Region subtags under 3066 and 3066bis (long)

Frank Ellermann nobody at xyzzy.claranet.de
Sun Feb 20 00:38:20 CET 2005


Doug Ewell wrote:

> The rules for using a UN numeric code are clearly stated in
> the draft

Whenever you say "clear" and "consistent" I read "some fancy
rules made up as needed using at least two cut-off dates".  The
second date is clear, it's the day of the publication of a new
3066bis as RfC.

The first date is less clear, you want apparently "3166:3" with
country codes like BQ, BU, CT, DD, FQ, FX, JT, MI, NQ, NT, PC,
PU. PZ, RH, SU, VD, and YD.  The literal interpretation of...

| All 2-letter subtags are interpreted as ISO 3166 alpha-2
| country codes from [ISO 3166], or subsequently assigned by
| the ISO 3166 maintenance agency

...together with...

| [ISO 3166]  ISO 3166:1988 (E/F)
[...]
| Standardization, 3rd edition, 1988-08-15.

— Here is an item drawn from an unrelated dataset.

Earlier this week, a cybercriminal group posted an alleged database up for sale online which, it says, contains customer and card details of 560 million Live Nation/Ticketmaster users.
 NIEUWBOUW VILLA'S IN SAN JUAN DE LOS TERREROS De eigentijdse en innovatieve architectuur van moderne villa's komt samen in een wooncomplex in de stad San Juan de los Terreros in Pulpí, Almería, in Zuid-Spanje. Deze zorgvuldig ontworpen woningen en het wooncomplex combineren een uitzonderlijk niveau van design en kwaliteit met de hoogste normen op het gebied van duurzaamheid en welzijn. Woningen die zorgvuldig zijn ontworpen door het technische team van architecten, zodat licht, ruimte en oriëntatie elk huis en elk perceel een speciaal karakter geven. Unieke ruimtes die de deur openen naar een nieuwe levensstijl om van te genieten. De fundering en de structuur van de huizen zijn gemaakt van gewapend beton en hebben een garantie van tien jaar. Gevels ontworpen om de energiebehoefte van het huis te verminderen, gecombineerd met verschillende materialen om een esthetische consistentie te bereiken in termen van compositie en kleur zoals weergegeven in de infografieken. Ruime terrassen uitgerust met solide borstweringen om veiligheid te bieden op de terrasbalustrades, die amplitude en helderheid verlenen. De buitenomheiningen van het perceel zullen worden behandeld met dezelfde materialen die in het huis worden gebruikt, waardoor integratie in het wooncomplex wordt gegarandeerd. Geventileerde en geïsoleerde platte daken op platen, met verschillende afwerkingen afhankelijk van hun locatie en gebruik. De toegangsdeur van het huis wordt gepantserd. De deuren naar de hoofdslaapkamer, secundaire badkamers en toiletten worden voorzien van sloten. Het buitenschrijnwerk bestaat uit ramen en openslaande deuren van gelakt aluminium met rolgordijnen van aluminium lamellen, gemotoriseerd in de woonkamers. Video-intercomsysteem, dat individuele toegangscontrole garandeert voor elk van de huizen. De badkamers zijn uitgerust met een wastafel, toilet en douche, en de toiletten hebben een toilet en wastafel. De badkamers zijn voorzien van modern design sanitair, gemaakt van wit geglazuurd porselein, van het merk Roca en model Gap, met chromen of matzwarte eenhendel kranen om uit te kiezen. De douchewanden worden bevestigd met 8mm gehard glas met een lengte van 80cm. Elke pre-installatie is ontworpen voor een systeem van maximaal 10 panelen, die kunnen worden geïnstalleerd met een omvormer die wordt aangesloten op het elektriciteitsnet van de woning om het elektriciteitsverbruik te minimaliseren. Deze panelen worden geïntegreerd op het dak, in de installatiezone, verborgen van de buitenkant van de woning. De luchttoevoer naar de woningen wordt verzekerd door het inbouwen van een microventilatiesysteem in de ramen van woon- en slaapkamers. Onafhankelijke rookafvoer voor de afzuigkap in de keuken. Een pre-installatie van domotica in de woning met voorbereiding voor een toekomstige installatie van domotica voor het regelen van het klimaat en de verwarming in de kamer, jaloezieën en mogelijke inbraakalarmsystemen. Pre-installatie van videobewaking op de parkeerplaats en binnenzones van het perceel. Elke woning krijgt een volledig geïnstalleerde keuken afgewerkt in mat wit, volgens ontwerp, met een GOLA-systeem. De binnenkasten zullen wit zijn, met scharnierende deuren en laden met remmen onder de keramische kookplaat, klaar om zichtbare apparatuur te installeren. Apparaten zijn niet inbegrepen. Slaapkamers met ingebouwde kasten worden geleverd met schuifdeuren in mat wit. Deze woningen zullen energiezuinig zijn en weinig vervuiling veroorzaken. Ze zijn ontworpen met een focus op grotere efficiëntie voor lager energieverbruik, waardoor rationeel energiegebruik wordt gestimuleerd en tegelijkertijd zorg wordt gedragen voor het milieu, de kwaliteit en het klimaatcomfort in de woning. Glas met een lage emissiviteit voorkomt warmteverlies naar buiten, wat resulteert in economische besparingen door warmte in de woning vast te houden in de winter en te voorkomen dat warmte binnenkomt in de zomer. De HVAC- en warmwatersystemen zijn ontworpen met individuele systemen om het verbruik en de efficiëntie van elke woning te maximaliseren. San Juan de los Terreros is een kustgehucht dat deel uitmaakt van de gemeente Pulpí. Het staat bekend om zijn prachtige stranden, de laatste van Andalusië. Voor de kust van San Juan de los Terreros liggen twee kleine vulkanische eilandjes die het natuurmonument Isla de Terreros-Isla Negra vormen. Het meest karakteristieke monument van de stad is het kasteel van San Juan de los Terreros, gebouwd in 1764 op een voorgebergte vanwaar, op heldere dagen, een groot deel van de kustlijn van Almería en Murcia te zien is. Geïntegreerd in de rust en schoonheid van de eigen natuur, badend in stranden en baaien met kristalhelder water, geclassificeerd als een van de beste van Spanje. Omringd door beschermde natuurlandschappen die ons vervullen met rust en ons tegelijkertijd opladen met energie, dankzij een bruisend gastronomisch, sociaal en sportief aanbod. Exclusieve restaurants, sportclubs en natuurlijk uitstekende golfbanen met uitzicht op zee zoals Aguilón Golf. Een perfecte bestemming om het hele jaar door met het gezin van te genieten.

Two questions, is it really necessary to stick to an _obsolete_
edition of ISO 3166 for 1766/3066-compatibilty ?  And if your
source says, that RHZW was changed 1980 eight years before the
third edition of ISO 3166, why add it to a _new_ registry about
language tags in 2005 ?  RH was never allowed under 1766/3066.

 [UN codes]
> the 30 UN numeric codes that refer to geographical regions
> are in the registry, but the ones that denote economic
> groupings are not.  This is by rule in the draft (Section
> 2.2.4 in draft-09).

You have 200 for the former CS, is that a third cut-off date ?
Otherwise the UN part is clear and I have no problem with it.

 [alpha-3 vs. alpha-2]
> Again, the draft is very clear on this point.

Okay, I did't know that ISO promised to never add an alpha-2
code to an existing alpha-3 code.

> This concept was actually introduced with RFC 3066

Makes sense, so you essentially copy all alpha-3 codes without
alpha-2 alias to your alpha-3 section of the registry.

> I got my historical data from Clive Feather's page at
> http://www.davros.org/misc/iso3166.html

Thanks, that's a nice page, we should be able to fix your list
with this data.  It says BQAQ -v with v = changed 1979.  That
was long before 1988 and should kill BQ.  In that list you also
find NQAQ -x (1983) killing NQ.  For FQ it's FQHH 1979 killing
FQ.  ISO 3166-3 uses HH if there is more than one new code, in
that case FQ is covered by both TF and AQ.

You could simply remove all codes from your list changed before
1988 (-b and -t up to -z in your source).  In other words:

BQ, CT, DY, FQ, HV, JT, MI. NH, NQ, PC, PU, PZ, RH, VD, and WK
are dead.  Like AIDJ, GEHH, SKIN, and you already have the new
AI, GE, and SK, that's okay.  Maybe we can agree on this part ?

The same source also says BUMM, DDDE, TPTL, YDYE, YUCS, ZRCD.
You have MM for BU etc. but not DE for DD and YE for YD, that's
not yet consistent.  Please ignore the BYAA, BY is okay.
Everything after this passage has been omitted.